Homework Help: Solving DE by undetermined Coefficients

1. Mar 4, 2014

helpppmeee

1. The problem statement, all variables and given/known data
y'' + y = xsinx where y(0) = 0 and y'(0) = 1

2. Relevant equations

yc = C1sinx + C2cosx

3. The attempt at a solution
So my attempt includes the yc which undoubtedly is correct. I now try to solve yp

yp = Axsinx + Bxcosx
y''p = A(2cosx - xsinx) + B(-2sinx - xcosx)

Substituting: y''p + yp = xsinx, clearly doesn't equal xsinx. There are no comparable values to xsinx to even try and solve for A or B.

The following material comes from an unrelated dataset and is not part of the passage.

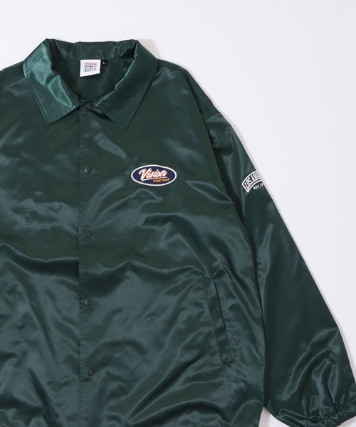 2022 autumn&winter新作---VISION STREET WEARからコーチジャケットの登場です---光沢感のあるサテンツイル生地を採用した軽アウターコーチジャケット。左胸、背面に配したロゴワッペンが90年代ストリートを彷彿させるデザインです。サイズ感は程よいビッグシルエットで、ドロップショルダーがトレンドのゆるいシルエットを演出。スケーターファッションなどのストリート系のスタイリングは勿論、アメカジやワークスタイルにもマッチします。ペアルック、リンクコーデ、カップルコーデにもおすすめ!男女共にお使いいただけるユニセックスのアイテムです。--- VISION STREET WEAR ---1976年、スケートボーディングがスポーツとして認知され、それがカルチャーとして永遠に形成されるターニングポイントを迎えていた。初の屋外スケートパークがフロリダに開設された時期に、Alan Gelfandが最初のオーリーをお披露目しVISION STREET WEARが誕生した。30年以上前に歩み始めて以来、VISIONはスケートとストリート・カルチャーの創造的で独自性を重視したブランドとして、その存在をアピールしつづけている。
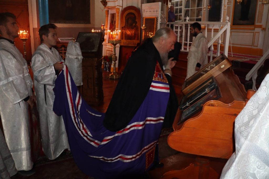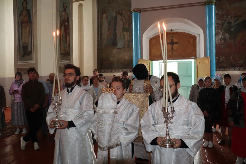 24 августа 2025 года, в Неделю 11-ю по Пятидесятнице, епископ Сердобский и Спасский Митрофан совершил Божественную литургию в Казанской церкви с.Липовка Башмаковского района.

Attempting using a different algorithm: yp = (A + Ax)sinx + (B + Bx)cosx
Notice overlap from yp to yc, therefore multiply by x: yp = (Ax +Ax^2)sinx + (Bx + Bx^2)cosx
y''p = A(2cosx + 2sinx -xsinx +4xcosx -x^2sinx) + B(-2sinx + 2cosx - 4xsinx - x^2cosx)

and y''p + yp = A(2cosx + 2sinx + 4xcosx + xsinx) + B(-2sinx + 2cosx - 4xsinx + xcosx)

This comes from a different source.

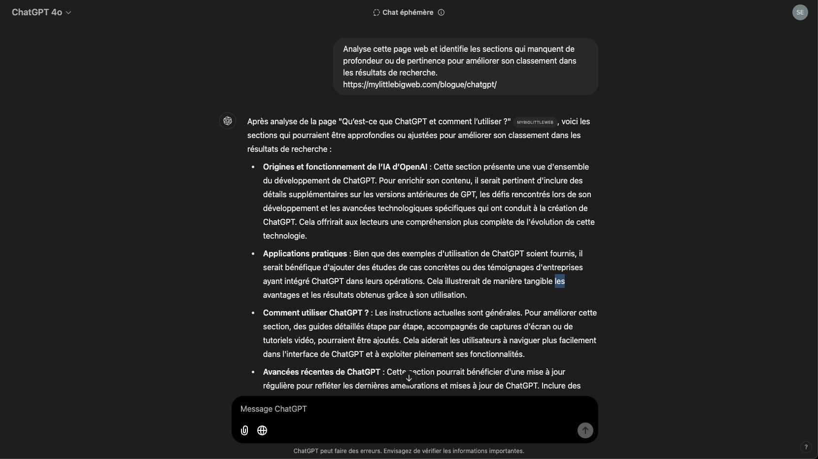 Prompt utile : « Analyse cette page web et identifie les sections qui manquent de profondeur ou de pertinence pour améliorer son classement dans les résultats de recherche. » Ce prompt est particulièrement utile notamment avec la sortie de SearchGPT.

Arrgggh this is really troubling me. I honestly have no idea what I'm doing wrong or how to proceed with the Initial Value Problem afterwards.
1. The problem statement, all variables and given/known data

2. Relevant equations

3. The attempt at a solution

2. Mar 4, 2014

SammyS

Staff Emeritus
Try some general linear function times sin(x) & cos(x).

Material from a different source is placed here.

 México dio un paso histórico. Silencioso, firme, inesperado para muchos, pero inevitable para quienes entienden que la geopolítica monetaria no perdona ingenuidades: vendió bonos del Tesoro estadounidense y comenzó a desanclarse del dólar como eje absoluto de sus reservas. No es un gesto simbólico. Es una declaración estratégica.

$\displaystyle y_p=(Ax+B)\sin(x)+(Cx+D)\cos(x)$

3. Mar 4, 2014

helpppmeee

OH my, rookie mistake LOL. but still, i only get that y''p + yp = 2Acosx - 2Csinx. My logic is telling me to try out yp = (Ax^2 + Bx + C)sinx + (Dx^2 + Ex + F)cosx, based upon my classroom notes. I try this and get
y''p + yp = 2Asinx + 2Dcosx + 2(2Ax+B)cosx -2(2Dx + E)sinx = xsinx

now i understand that 2(2Ax+B)cosx -2(2Dx + E)sinx = xsinx and so 2(2Ax+B)cosx = 0 and -2(2Dx + E)sinx = xsinx
as well as: 2Asinx + 2Dcosx = 0, but this seems like an unsolvable puzzle to me. I also believe i may be overthinking things A LOT so um yeah. What's going on here?

Last edited: Mar 4, 2014
4. Mar 5, 2014

helpppmeee

Sorry but i edited my post and am not sure if you can see that from outside the thread so.... bump

5. Mar 5, 2014

vela

Staff Emeritus
Your initial guess at the particular solution would normally be $y_p = (Ax+B)\sin x + (Cx+D)\cos x$; however, because this isn't linearly independent from the homogeneous solution, you need to multiply it by the lowest power of $x$ to make it independent.